О резко возросшей значимости внеролевой Я-позиции говорят и характерные увлечения того времени: книгами Хемингуэя, Ремарка и авнгардистскими экспериментами в живописи — со стороны молодежи 60-х годов, а со стороны интеллектуалов — философией экзистенциализма; и, наконец, всеобщее увлечение полуофициальной поэзией, скупо публиковавшейся (преимущественно на страницах журнала «Юность», этого контролируемого властными структурами рупора шестидесятничества), но собиравшей целые стадионы и концертные залы своих «болельщиков». Только в ситуации, допускавшей, например, ожесточенную гласную полемику о природе эстетического (на страницах журнала «Вопросы литературы»), фильм Федерико Феллини «ЭУг» мог стать триумфатором Московского кинофестиваля. На фоне монологической монолитности зрелого сталинизма дискуссии о природе эстетического, о структурализме в литературоведении и подобные им (вплоть до пресловутого спора «физиков» и «лириков») оказывались эпицентрами возрождавшегося диалогизма и взывали к личной позиции человека, которая на протяжении предыдущих трех десятилетий оставалась общественно невостребованной.

На этой почве произрос феномен открытия и нарастающей актуализации Бахтина с его «диалогизмом» и «полифонией». Даже в школе — этом наиболее инертном секторе социальной жизни — начинает робко пощряться личное мнение учащегося. (В 70-е годы формулировка псевдоличного отношения к литературному герою или произведению уже становится весьма распространенным элементом трафаретного школьного сочинения) .

Советские 60-е годы, как представляется автору этих заметок, — это счастливое время между «порядком» сталинского единомыслия и «хаосом» диссидентского раскола. Конечно, диссидентство родилось и вызрело в эти самые годы (между 1956 и 1968). Однако демонстрация протеста против ареста Синявского и Даниэля в декабре 1964 г. на Пушкинской площади всем духом своим и строем была еще характерным проявлением шестидесятнического мироотношения, хотя сами Синявский и Даниэль диссидентами уже были.

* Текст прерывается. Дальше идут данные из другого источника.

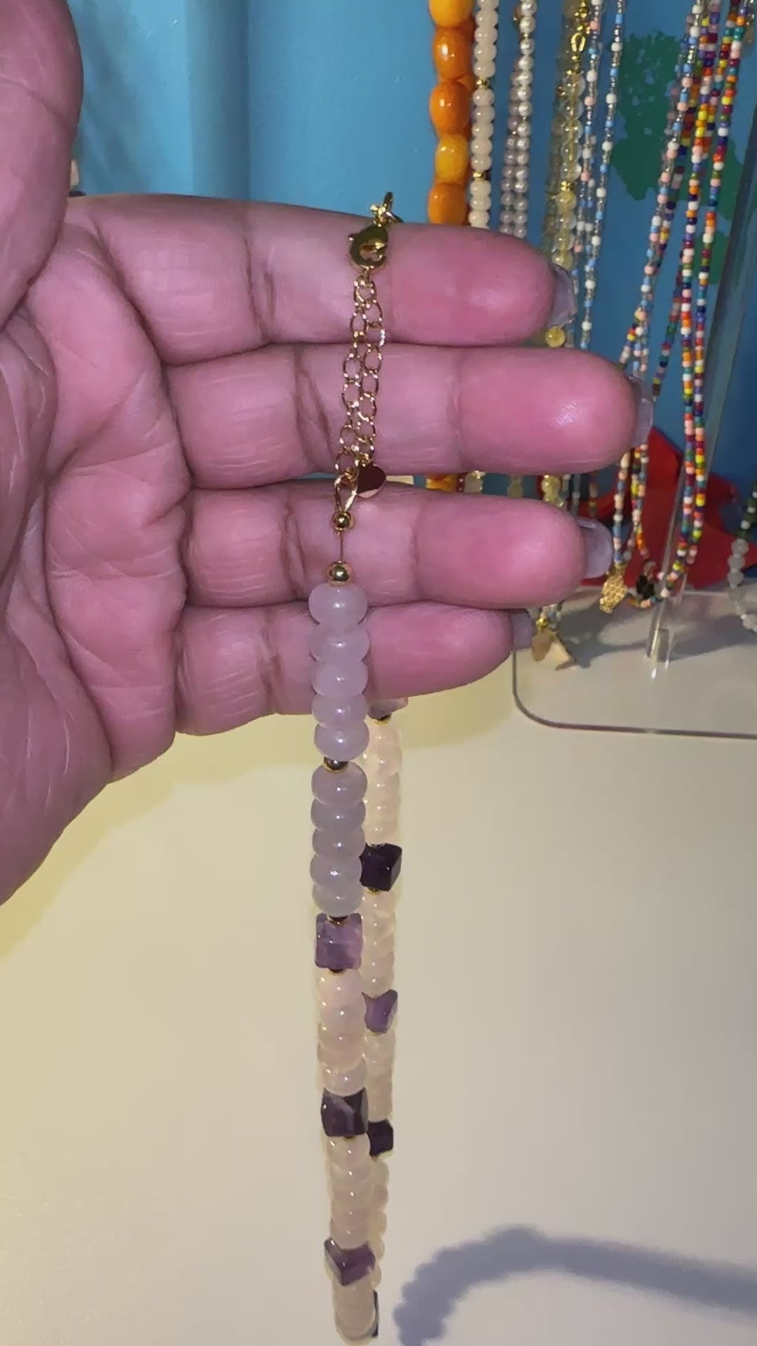 Materials: 8mm rose quartz, 8mm amethyst cubes, gold plated extender chain with a gold plated lobster clasp

Истинными шестидесятниками, на мой взгляд, остались те, кто, подобно Булату Окуджаве, со всей ответственностью за свой выбор сохранили позицию внутренней вненаходимости по отношению к обоим лагерям идеологической борьбы: брезгливую отстраненность от советского официоза и сочувственную, но отстраненность — от диссидентства. Конечно, не всем и не всегда это удавалось, но архитектоника нравственного выбора состояла именно в нейтралитете, которого требовал императив человечности («абстрактного гуманизма», как ругались советские идеологи).

Принципиальное неучастие в ролевой жизни, где солдатик оловянный на вечный подвиг осужден, порождало столь свойственное Окуджаве позиционирование вещего смысла и себя самого — в промежуточном положении: меж летом и зимою, между счастьем и бедой; меж двух дорог, без которых невозможно, как без неба и земли; между густой грустью шарманки и ее же веселым и счастливым, голоском и т. п. Эту странную раздвоенность поэт однажды охарактеризовал знаменательным оксюмороном: гордая беспомощность. Гордость неучастия и беспомощность невключенности (в миропорядок социального функционирования) взывали к единению на нефункциональной основе, чтоб не пропасть поодиночке.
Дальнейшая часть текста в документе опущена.